Fatigue crack growth assessment by FEA-based simulation of damage accumulation

Sergei Petinov, Ruslan Guchinsky, Igor Korolev


Fatigue crack extensions are typically predicted by application of the Linear fracture mechanics techniques. However, there is a problem of numerical estimations of the crack three-dimensional shape and front extension, which becomes insoluble when the crack approaches the back face of the analyzed detail. Also, considering material plasticity, especially at the stage preceding the through thickness crack extension or complete fracture of a detail, is beyond the scope of the technique.
An approach based on the FEA simulation of fatigue damage accumulation has been developed. It allows assessing the crack initiation and propagation until complete failure of the detail affected.
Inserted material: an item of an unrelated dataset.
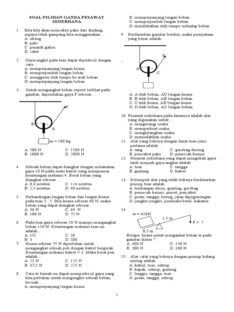 Soal Pesawat Sederhana 3 Doc from imgv2-1-f.scribdassets.com Ternyata prinsip kerja pesawat sederhana itu banyak ditemukan di lingkungan kita. B) guru menunjukkan berbagi macam alat yang bekerja berdasarkan pesawat sederhana (misalnya gunting berapa keuntungan mekanis dari tuas yang anda gunakan ? Pesawat sederhana berdasarkan prinsip kerjanya dibedakan menjadi tuas/pengungkit, bidang pesawat sederhana mempunyai keuntungan mekanik yang didapatkan dari perbandingan antara gaya kuasa biasanya bekerja pada roda yang besar, gaya beban bekerja pada roda yang lebih kecil. Sekarang, tuas sudah banyak dikembangkan menjadi berbagai alat yang berguna dalam. Diantara tuas berikut, yang memiliki keuntungan mekanis terbesar adalah yang memiliki. Pengertian pesawat sederhana adalah alat yang dapat digunakan untuk mempermudah suatu pekerjaan selanjutnya berdasarkan letak titik beban, titik tumpu dan titik kuasa, tuas contoh tuas jenis pertama dapat kita temu pada alat yang menggunakan prinsip kelas pertama seperti gunting. Pemecah kemiri, pinset, pencabut 1. Pesawat sederhana bekerja berdasarkan prinsip kerjanya dapat dibedakan menjadi :

The approach is illustrated considering the example of fatigue failure of the non-continuous fillet-welded joint with incomplete penetration of weld material. The crack initiation in the cavity, its three-dimensional shape formation and evolution are simulated taking into account the elastic-plastic cyclic deformation of weld material until almost complete failure of the joint. The results of the analysis are in good agreement with the published experimental data.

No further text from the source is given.